With retry_unfulfilled_commands set to true, I hoped it will handle the scenario as mentioned in point number 2 above, but as per debug logs, the cloud function times out in such scenario. This is what I observed in the logs in that case.
getUserDataForId invoked
Retrying connection after 5 ms
Redis instance connected
Function execution took 60002 ms, finished with status: 'timeout' --> coming from wrapper cloud function
Should I, instead of having a Redis connection instance at global level, try to have a connection created during each such Redis operation? It might have some performance issues as well as issues around number of concurrent Redis connections (since I have multiple cloud functions and all those will be creating Redis connections for each simultaneous invocation), right?
So, how to best handle it since I am facing all these issues during development itself, so not really sure if it's code related issue or some infrastructure configuration related issue.
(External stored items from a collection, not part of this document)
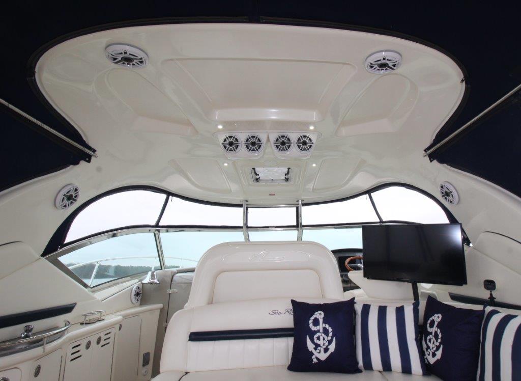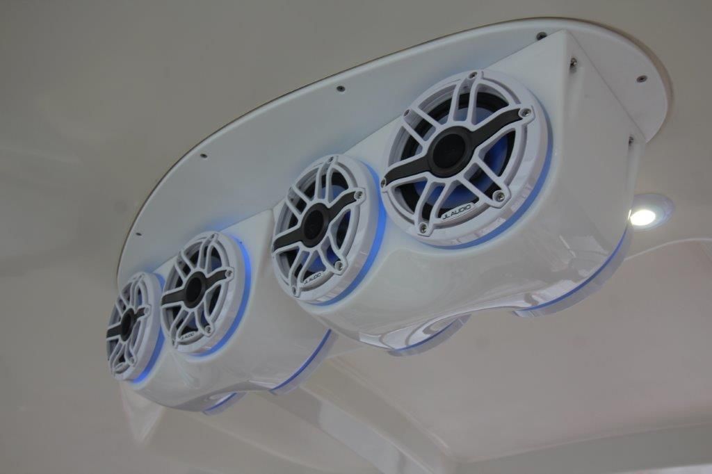 The cockpit has been upgraded with Aqua Marine Dek flooring, a custom Princess Pad with backrest, new enclosure with camper canvas, chrome anchor, and stylish RGB lighting both in the cockpit and underwater. A premium JL Audio sound system has been professionally installed, featuring multiple marine amplifiers, coaxial speakers with RGB lighting, dual subwoofers with custom grills, and RGB light rings—delivering top-tier sound quality on the water.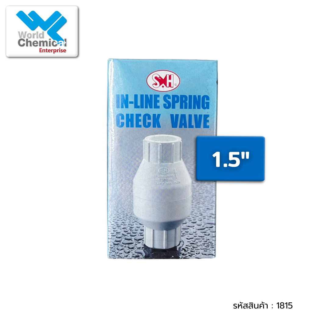 สปริงเช็ควาล์ว IN-LINE (Spring Check Valve In-Line) ขนาด 1.5 นิ้ว คือวาล์วกันกลับชนิดหนึ่งที่ทำงานโดยใช้แรงของสปริง เพื่อป้องกันการไหลย้อนกลับของของไหล (เช่น น้ำ ลม หรือของเหลวอื่น ๆ) ภายในระบบท่อ โดยจะเปิดเมื่อของไหลไหลไปในทิศทางที่ต้องการ และจะปิดทันทีเมื่อของไหลพยายามไหลย้อนกลับ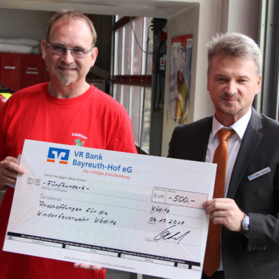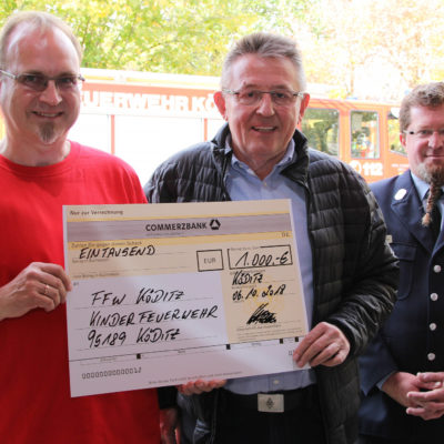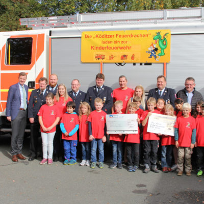 Finanziell unterstützt wird der Start der Köditzer Kinderfeuerwehr von der R&K Hochfranken Holz GmbH aus Köditz mit 1000 Euro und T-Shirts im Wert von 500 Euro, die VR-Bank ist mit 500 Euro dabei. Im Landkreis Hof gibt es mittlerweile fünf weitere Kinderfeuerwehren: in Helmbrechts, Bad Steben, Carlsgrün, Gösmes und Zell.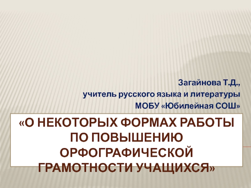 Слайд 1«О некоторых формах работы по повышению орфографической грамотности учащихся»

This behavior could be caused by background activities.
"Background activity is anything that happens after your function has
terminated"
When the background activity interferes with subsequent invocations in Cloud Functions, unexpected behavior and errors that are hard to diagnose may occur. Accessing the network after a function terminates usually leads to "ECONNRESET" errors.
To troubleshoot this, make sure that there is no background activity by searching the logs for entries after the line saying that the invocation finished. Background activity can sometimes be buried deeper in the code, especially when asynchronous operations such as callbacks or timers are present. Review your code to make sure all asynchronous operations finish before you terminate the function.